WORK INSTRUCTION | Copy the listing in full and exactly, omitting its images.

EXERCISE DATA |
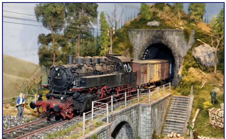
Eine Intermodellbau-Impression aus den vergangenen Jahren in einer größeren Spurweite zeigt diese Aufnahme.

Auf ihrer Anlage werden wichtige Sequenzen für das Trainini Jahresvideo 2010 gedreht, das sich hauptsächlich mit dem diesjährigen Jubiläum der deutschen Eisenbahnen befassen wird.
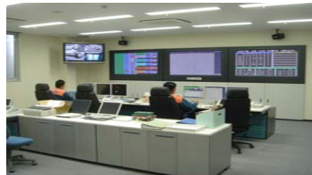
高機能消防指令センター整備事業 (事業費2億1,519万円)

EXERCISE SOLUTION |
Eine Intermodellbau-Impression aus den vergangenen Jahren in einer größeren Spurweite zeigt diese Aufnahme.

Auf ihrer Anlage werden wichtige Sequenzen für das Trainini Jahresvideo 2010 gedreht, das sich hauptsächlich mit dem diesjährigen Jubiläum der deutschen Eisenbahnen befassen wird.
高機能消防指令センター整備事業 (事業費2億1,519万円)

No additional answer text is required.